BEGIN Supplied material
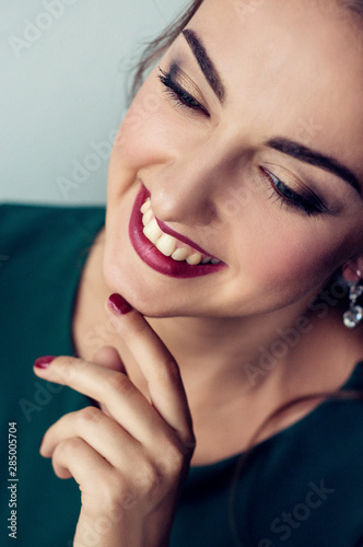 Face of a beautiful young girl with a clean fresh face close up.Brunette women with green eyses,red lips.
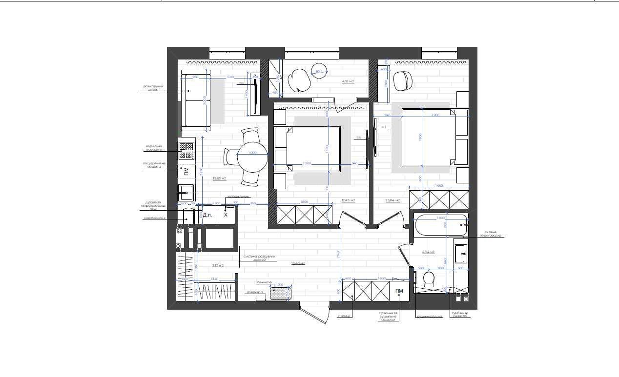 Квартира площею 70 кв.м, 2 ізольовані кімнати, кухня вітальня, гардеробна.
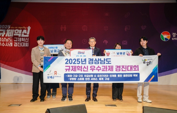 [뉴스다컴] 경상남도는 19일 도청 본관 4층 대회의실에서 ‘2025 경상남도 규제혁신 우수사례 경진대회’를 개최했다. 이번 경진대회는 규제혁신을 통해 도민이 체감할 수 있는 변화를 이끌어낸 우수사례를 공유하고, 향후 추진 방향을 모색하기 위해 마련됐다.
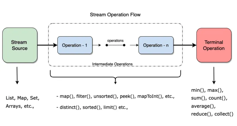 위에서도 언급되어 있듯이, 스트림의 연산들은 중간 연산과 최종 연산으로 구분할 수 있다. 데이터 소스를 중간 연산을 통해 가공하고 최종 연산으로 결과를 저장한다.
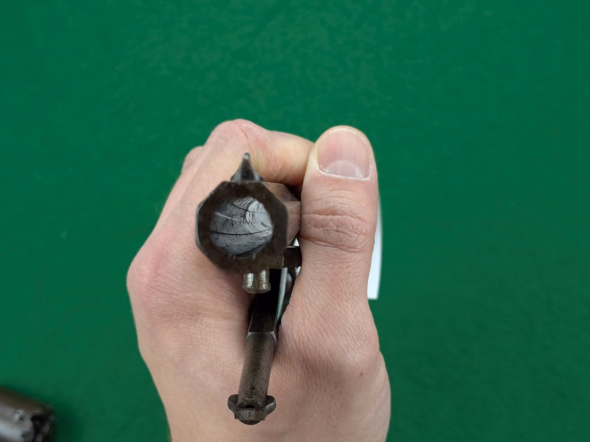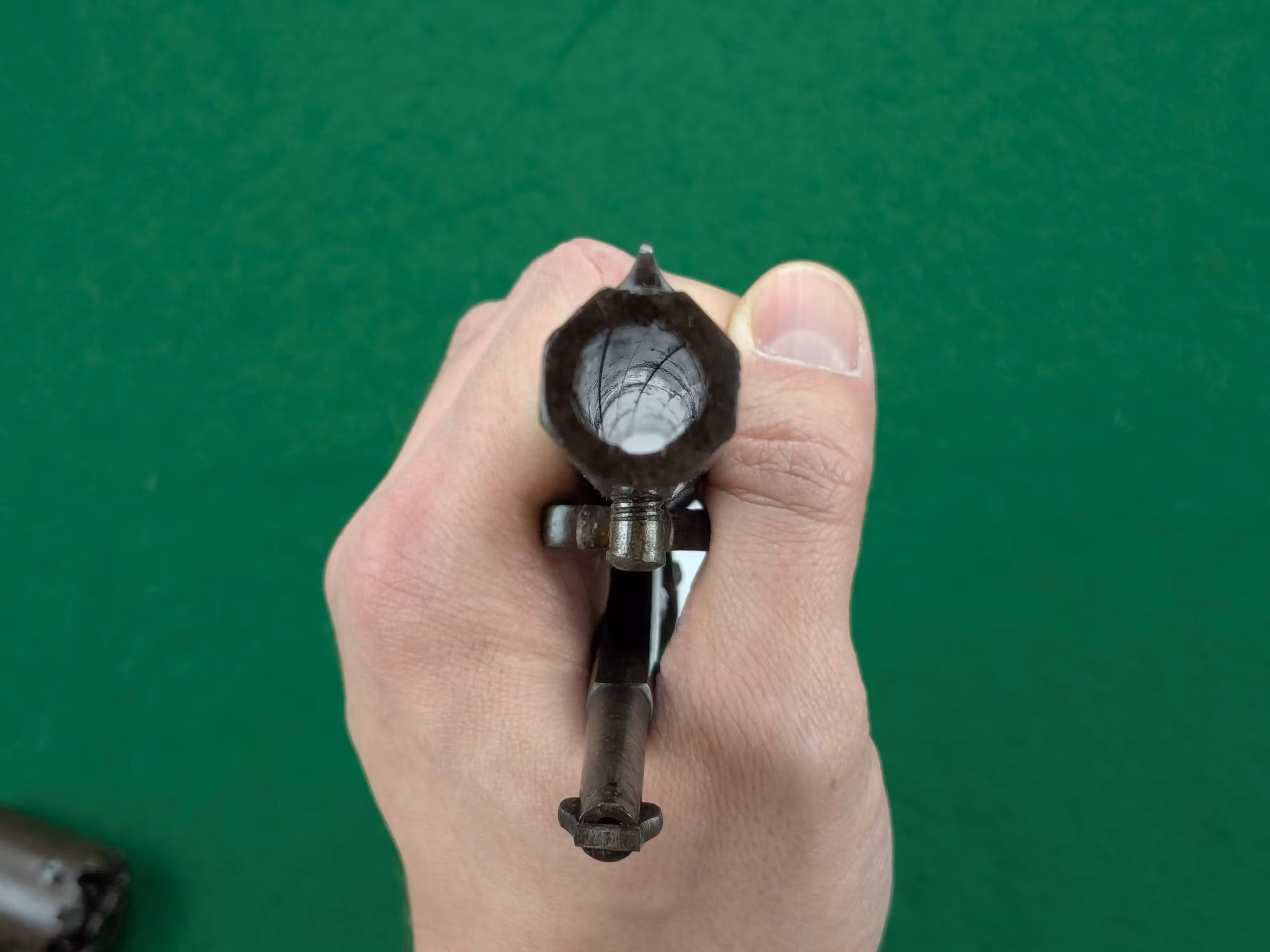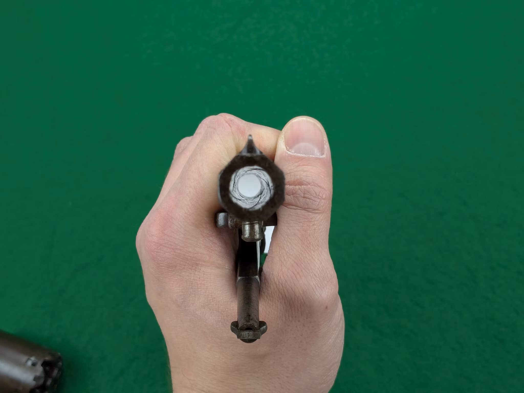Mekaniskt mycket väl fungerande med en krispig gång i matningen, känns faktiskt i princip som ny. Oerhört fin matning. Låser stumt i helspänn. Loppet mycket fint. Spel mellan trumma och pipa ligger på 0,15 mm orört original.
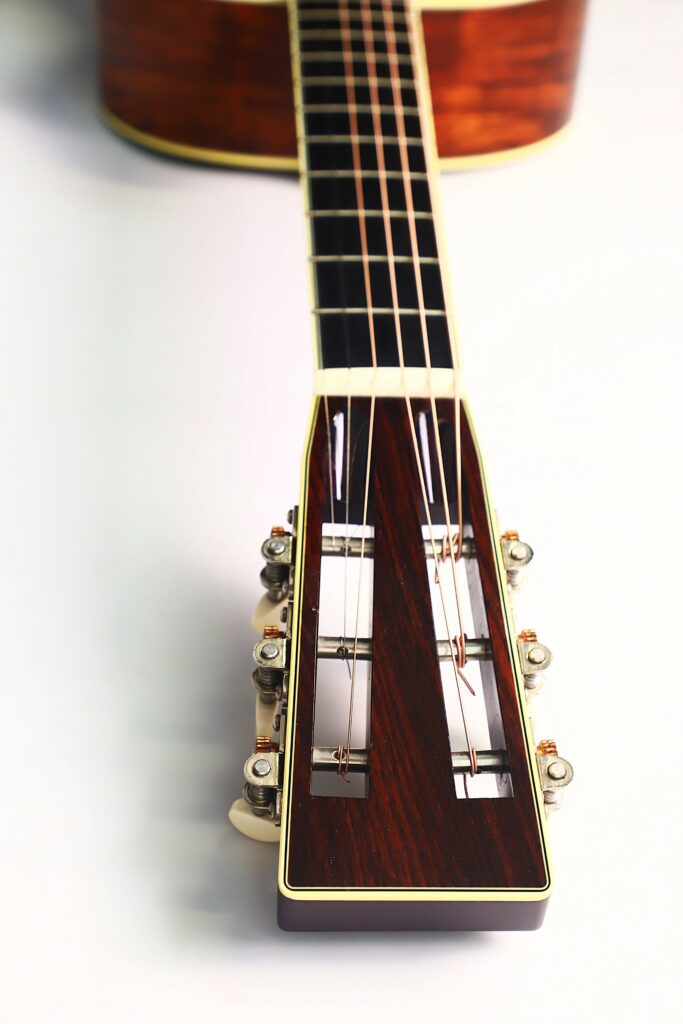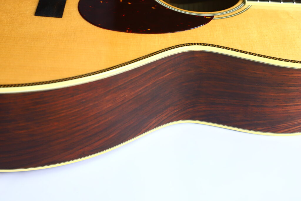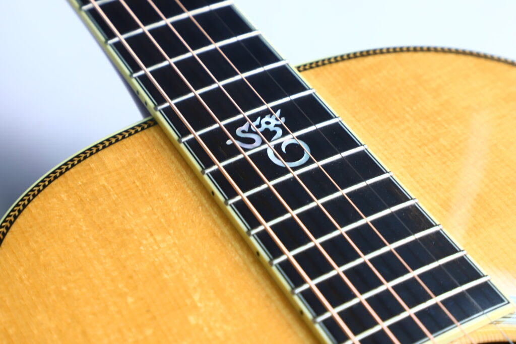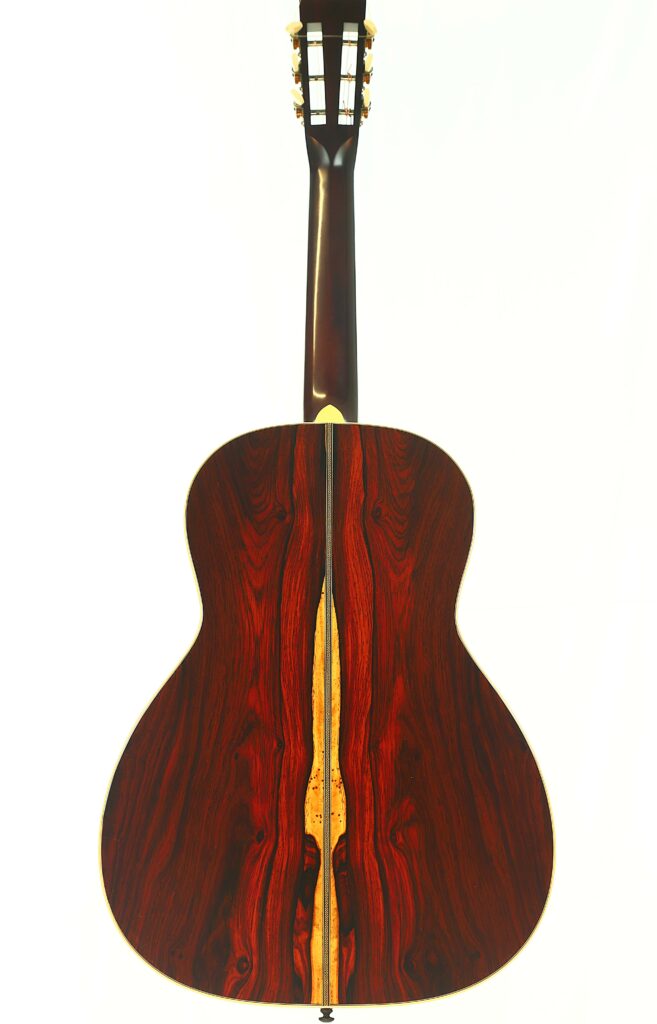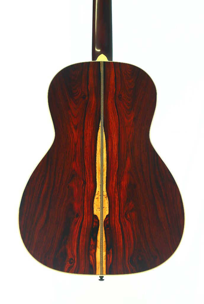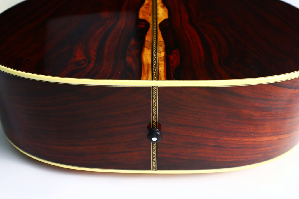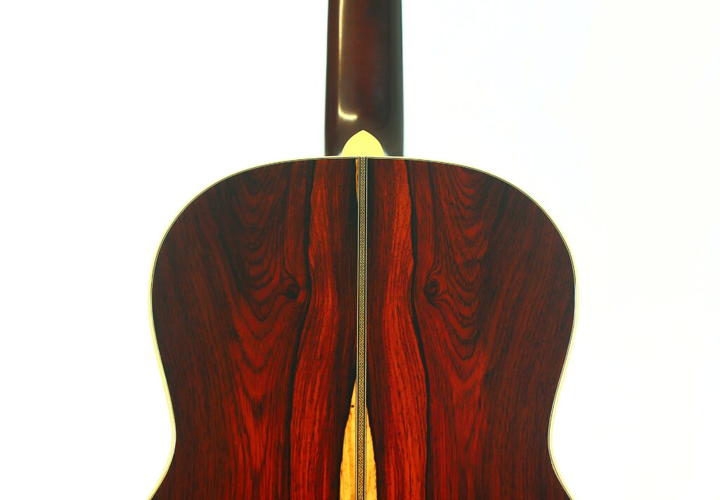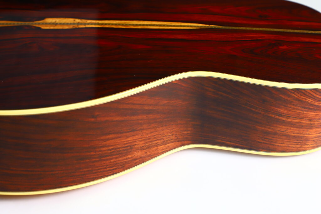 This stunning guitar showcases Eric’s unique vision, featuring a beautiful Cocobolo body paired with an Adirondack spruce top, resulting in a rich tonal palette that complements his distinctive playing style. The guitar boasts a unique 24.9-inch scale length, ensuring ease of play for intricate jazz passages, while its slightly deeper body enhances bass response and volume, making it perfect for dynamic performances.
END Supplied material
Return all of the entries exactly as written, but drop any pictures they hold.

 Face of a beautiful young girl with a clean fresh face close up.Brunette women with green eyses,red lips.
 Квартира площею 70 кв.м, 2 ізольовані кімнати, кухня вітальня, гардеробна.
 [뉴스다컴] 경상남도는 19일 도청 본관 4층 대회의실에서 ‘2025 경상남도 규제혁신 우수사례 경진대회’를 개최했다. 이번 경진대회는 규제혁신을 통해 도민이 체감할 수 있는 변화를 이끌어낸 우수사례를 공유하고, 향후 추진 방향을 모색하기 위해 마련됐다.
 위에서도 언급되어 있듯이, 스트림의 연산들은 중간 연산과 최종 연산으로 구분할 수 있다. 데이터 소스를 중간 연산을 통해 가공하고 최종 연산으로 결과를 저장한다.
Mekaniskt mycket väl fungerande med en krispig gång i matningen, känns faktiskt i princip som ny. Oerhört fin matning. Låser stumt i helspänn. Loppet mycket fint. Spel mellan trumma och pipa ligger på 0,15 mm orört original.
 This stunning guitar showcases Eric’s unique vision, featuring a beautiful Cocobolo body paired with an Adirondack spruce top, resulting in a rich tonal palette that complements his distinctive playing style. The guitar boasts a unique 24.9-inch scale length, ensuring ease of play for intricate jazz passages, while its slightly deeper body enhances bass response and volume, making it perfect for dynamic performances.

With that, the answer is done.